PROVIDED MATERIAL
^^^^^^^^^^^^^^^^

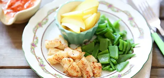 Recept van het Voedingscentrum: Vissticks met snijboontjes en aardappelen
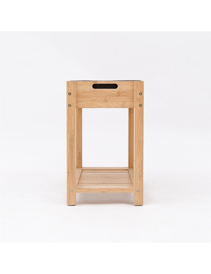 Die Sitzbank ist aus massiven Bambus gefertigt. Unter der Sitzfläche verbirgt sich ein seitlicher Schubkasten zur Aufnahme von Kleinteilen. Abgerundet wird die Sitzbank durch ein schickes Sitzkissen. Der Rahmen ist Klar lackiert. Wir verwenden ausschließlich Lacke auf wässriger Basis die den Anforderungen von Lacken für Kindermöbel ( DIN EN 71-3 ) entsprechen. Die Sitzbank ist als Multi Talent zu bewerten und lässt sich sowohl im Wohn-Essbereich wie auch im Kinderzimmer oder als Möbel im Flur/Dielenbereich einsetzen. Unsere Produkte sind natürlich FSC zertifiziert. Wir haben uns bewusst für den Rohstoff Bambus entschieden. Bambus gilt als einer der am schnellsten nachwachsenden Rohstoffe. Bambus kann schon nach ca. 3 Jahren das erste Mal geerntet werden. Im Gegensatz zu jungen Bäumen aus angelegten Plantagen und majestätischen Riesen aus Urwäldern, stirbt Bambus nach dem fällen nicht ab, sondern regeneriert sich selber. Zudem ist Bambus härter als Eiche, Buche, Ahorn oder Birke um nur ein paar Beispiele zu nennen. Über viele Jahre hinweg kann dieser unglaubliche Rohstoff geerntet werden und zu ganz besonders umweltfreundlichen Möbeln verarbeitet werden. Selbst die bei der Produktion anfallenden Abfälle aus Bambus werden wiederverwertet. Eine Entscheidung für ein Möbel aus Bambus ist auch eine Entscheidung für unsere Umwelt. Technische Daten: Der Artikel wird zerlegt geliefert. Eine ausführliche Montageanleitung ist dem Artikel beigelegt.
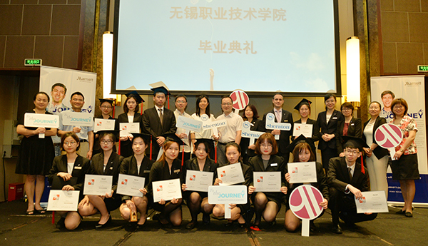 5月16日下午,外语与旅游学院与无锡富力喜来登酒店联合开展的首届“现代学徒制”人才培养项目——“喜来登班”毕业典礼在酒店三楼会议厅隆重举行,17名同学顺利拿到毕业证书。

^^^^^^^^^^^^^^^^

DIRECTIONS
Exclude all images and retype the data precisely.

SOLUTION TO THIS EXERCISE
 Recept van het Voedingscentrum: Vissticks met snijboontjes en aardappelen
 Die Sitzbank ist aus massiven Bambus gefertigt. Unter der Sitzfläche verbirgt sich ein seitlicher Schubkasten zur Aufnahme von Kleinteilen. Abgerundet wird die Sitzbank durch ein schickes Sitzkissen. Der Rahmen ist Klar lackiert. Wir verwenden ausschließlich Lacke auf wässriger Basis die den Anforderungen von Lacken für Kindermöbel ( DIN EN 71-3 ) entsprechen. Die Sitzbank ist als Multi Talent zu bewerten und lässt sich sowohl im Wohn-Essbereich wie auch im Kinderzimmer oder als Möbel im Flur/Dielenbereich einsetzen. Unsere Produkte sind natürlich FSC zertifiziert. Wir haben uns bewusst für den Rohstoff Bambus entschieden. Bambus gilt als einer der am schnellsten nachwachsenden Rohstoffe. Bambus kann schon nach ca. 3 Jahren das erste Mal geerntet werden. Im Gegensatz zu jungen Bäumen aus angelegten Plantagen und majestätischen Riesen aus Urwäldern, stirbt Bambus nach dem fällen nicht ab, sondern regeneriert sich selber. Zudem ist Bambus härter als Eiche, Buche, Ahorn oder Birke um nur ein paar Beispiele zu nennen. Über viele Jahre hinweg kann dieser unglaubliche Rohstoff geerntet werden und zu ganz besonders umweltfreundlichen Möbeln verarbeitet werden. Selbst die bei der Produktion anfallenden Abfälle aus Bambus werden wiederverwertet. Eine Entscheidung für ein Möbel aus Bambus ist auch eine Entscheidung für unsere Umwelt. Technische Daten: Der Artikel wird zerlegt geliefert. Eine ausführliche Montageanleitung ist dem Artikel beigelegt.
 5月16日下午,外语与旅游学院与无锡富力喜来登酒店联合开展的首届“现代学徒制”人才培养项目——“喜来登班”毕业典礼在酒店三楼会议厅隆重举行,17名同学顺利拿到毕业证书。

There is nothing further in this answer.